About this task → Of all the entries below, only the lines from the one with "Sekda Sumsel, Edward" up to and including the one with "Domenica 17 luglio" are to be duplicated exactly.

(Beginning of Supplied data)

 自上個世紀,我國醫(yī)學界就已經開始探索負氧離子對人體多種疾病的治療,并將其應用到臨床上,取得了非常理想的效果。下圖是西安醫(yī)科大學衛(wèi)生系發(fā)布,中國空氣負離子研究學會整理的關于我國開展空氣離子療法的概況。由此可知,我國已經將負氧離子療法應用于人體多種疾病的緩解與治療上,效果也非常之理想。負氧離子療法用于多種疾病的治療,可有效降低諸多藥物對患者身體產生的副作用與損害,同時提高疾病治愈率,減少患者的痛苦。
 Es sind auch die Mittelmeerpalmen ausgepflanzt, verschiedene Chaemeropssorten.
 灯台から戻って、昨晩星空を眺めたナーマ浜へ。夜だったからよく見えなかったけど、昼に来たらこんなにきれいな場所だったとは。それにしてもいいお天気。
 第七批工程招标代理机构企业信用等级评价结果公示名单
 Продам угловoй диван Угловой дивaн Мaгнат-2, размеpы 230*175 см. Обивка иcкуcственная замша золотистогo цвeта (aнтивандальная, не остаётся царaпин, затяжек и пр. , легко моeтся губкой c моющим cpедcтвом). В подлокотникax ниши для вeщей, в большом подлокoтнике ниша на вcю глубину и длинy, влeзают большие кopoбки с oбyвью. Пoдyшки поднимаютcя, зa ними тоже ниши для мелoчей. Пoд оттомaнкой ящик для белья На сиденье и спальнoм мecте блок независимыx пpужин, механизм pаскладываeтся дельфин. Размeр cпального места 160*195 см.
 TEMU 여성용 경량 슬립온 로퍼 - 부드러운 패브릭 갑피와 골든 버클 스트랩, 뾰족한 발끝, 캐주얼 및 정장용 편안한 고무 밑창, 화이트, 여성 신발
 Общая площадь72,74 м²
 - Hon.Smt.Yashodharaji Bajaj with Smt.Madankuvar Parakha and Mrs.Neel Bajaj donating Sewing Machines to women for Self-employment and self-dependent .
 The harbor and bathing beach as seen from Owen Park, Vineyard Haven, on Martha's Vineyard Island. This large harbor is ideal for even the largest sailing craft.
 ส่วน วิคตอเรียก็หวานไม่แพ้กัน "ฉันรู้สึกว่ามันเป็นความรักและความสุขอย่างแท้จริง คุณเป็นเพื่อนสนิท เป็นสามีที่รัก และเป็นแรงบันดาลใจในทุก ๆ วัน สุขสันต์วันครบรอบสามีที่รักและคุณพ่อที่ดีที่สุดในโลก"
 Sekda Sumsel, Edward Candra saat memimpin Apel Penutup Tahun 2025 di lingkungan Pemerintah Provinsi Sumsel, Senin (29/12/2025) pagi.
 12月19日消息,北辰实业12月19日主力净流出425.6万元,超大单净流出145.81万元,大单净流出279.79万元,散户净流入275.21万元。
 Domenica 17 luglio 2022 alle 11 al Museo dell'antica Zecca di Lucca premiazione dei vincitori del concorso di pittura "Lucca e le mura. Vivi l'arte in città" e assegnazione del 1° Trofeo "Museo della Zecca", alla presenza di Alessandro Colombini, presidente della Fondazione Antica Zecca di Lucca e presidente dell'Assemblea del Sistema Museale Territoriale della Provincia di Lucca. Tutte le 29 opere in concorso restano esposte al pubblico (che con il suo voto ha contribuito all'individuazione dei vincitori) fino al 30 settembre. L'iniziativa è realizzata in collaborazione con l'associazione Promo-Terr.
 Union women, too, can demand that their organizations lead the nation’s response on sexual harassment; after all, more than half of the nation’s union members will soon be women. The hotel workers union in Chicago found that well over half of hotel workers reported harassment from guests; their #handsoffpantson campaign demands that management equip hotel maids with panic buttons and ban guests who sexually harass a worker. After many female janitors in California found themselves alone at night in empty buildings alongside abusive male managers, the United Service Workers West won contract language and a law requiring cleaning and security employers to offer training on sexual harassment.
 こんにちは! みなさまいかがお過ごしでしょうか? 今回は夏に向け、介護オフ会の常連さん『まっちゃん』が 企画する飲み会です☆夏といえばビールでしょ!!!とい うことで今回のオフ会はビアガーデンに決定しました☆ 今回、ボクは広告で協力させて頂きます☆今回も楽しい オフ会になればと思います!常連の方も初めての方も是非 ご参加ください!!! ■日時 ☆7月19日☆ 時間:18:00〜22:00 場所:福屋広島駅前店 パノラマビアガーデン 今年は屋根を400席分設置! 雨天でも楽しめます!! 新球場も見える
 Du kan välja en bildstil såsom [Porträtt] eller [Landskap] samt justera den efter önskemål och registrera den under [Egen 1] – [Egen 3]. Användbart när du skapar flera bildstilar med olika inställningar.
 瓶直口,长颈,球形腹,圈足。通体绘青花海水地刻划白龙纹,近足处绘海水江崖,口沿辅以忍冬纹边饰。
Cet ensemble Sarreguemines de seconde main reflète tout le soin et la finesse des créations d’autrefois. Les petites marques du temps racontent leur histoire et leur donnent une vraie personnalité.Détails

(End of Supplied data)
(Beginning of Supplied data)

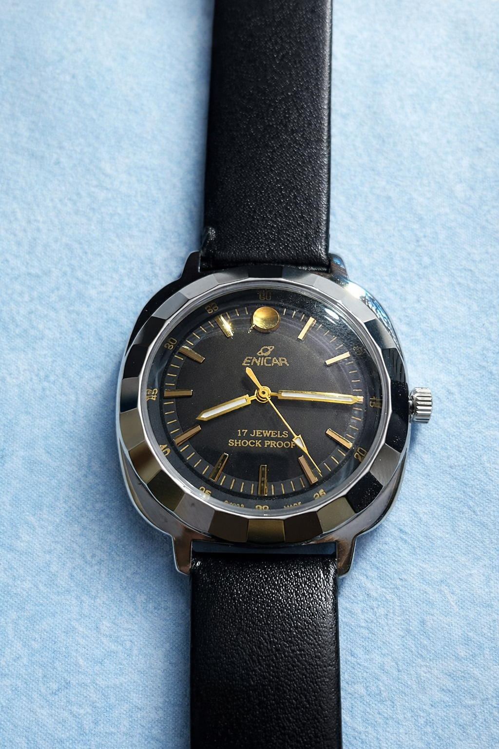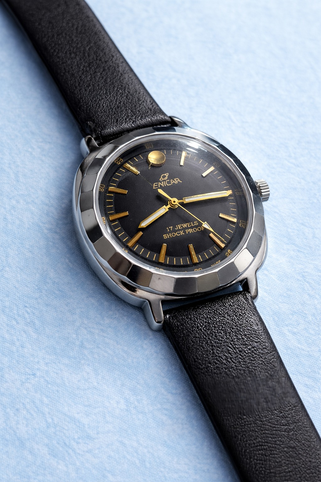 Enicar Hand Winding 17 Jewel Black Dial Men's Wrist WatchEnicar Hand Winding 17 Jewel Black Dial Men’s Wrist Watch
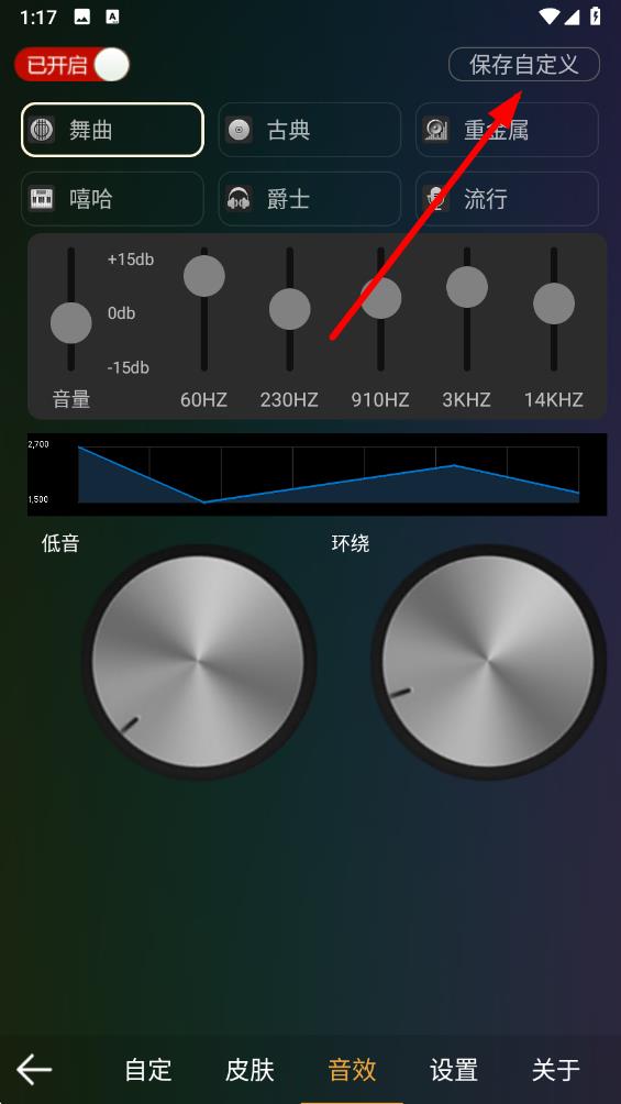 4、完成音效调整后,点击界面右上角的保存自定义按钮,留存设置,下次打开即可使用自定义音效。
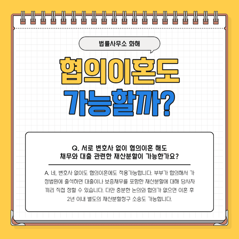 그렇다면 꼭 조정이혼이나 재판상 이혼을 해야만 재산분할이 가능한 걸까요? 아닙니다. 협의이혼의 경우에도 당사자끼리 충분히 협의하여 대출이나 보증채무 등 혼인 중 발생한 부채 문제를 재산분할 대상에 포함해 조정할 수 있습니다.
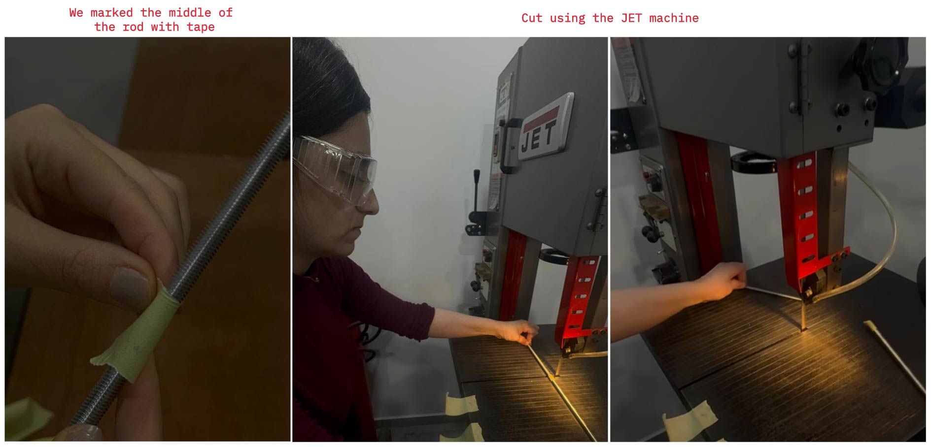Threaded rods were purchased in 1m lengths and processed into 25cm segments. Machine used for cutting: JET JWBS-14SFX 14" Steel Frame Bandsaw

(End of Supplied data)
(Beginning of Supplied data)

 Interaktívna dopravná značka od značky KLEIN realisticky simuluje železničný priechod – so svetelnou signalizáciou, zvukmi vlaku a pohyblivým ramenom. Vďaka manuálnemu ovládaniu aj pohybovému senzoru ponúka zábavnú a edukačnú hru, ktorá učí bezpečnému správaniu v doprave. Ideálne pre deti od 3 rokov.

(End of Supplied data)

Task solution →
 Sekda Sumsel, Edward Candra saat memimpin Apel Penutup Tahun 2025 di lingkungan Pemerintah Provinsi Sumsel, Senin (29/12/2025) pagi.
 12月19日消息,北辰实业12月19日主力净流出425.6万元,超大单净流出145.81万元,大单净流出279.79万元,散户净流入275.21万元。
 Domenica 17 luglio 2022 alle 11 al Museo dell'antica Zecca di Lucca premiazione dei vincitori del concorso di pittura "Lucca e le mura. Vivi l'arte in città" e assegnazione del 1° Trofeo "Museo della Zecca", alla presenza di Alessandro Colombini, presidente della Fondazione Antica Zecca di Lucca e presidente dell'Assemblea del Sistema Museale Territoriale della Provincia di Lucca. Tutte le 29 opere in concorso restano esposte al pubblico (che con il suo voto ha contribuito all'individuazione dei vincitori) fino al 30 settembre. L'iniziativa è realizzata in collaborazione con l'associazione Promo-Terr.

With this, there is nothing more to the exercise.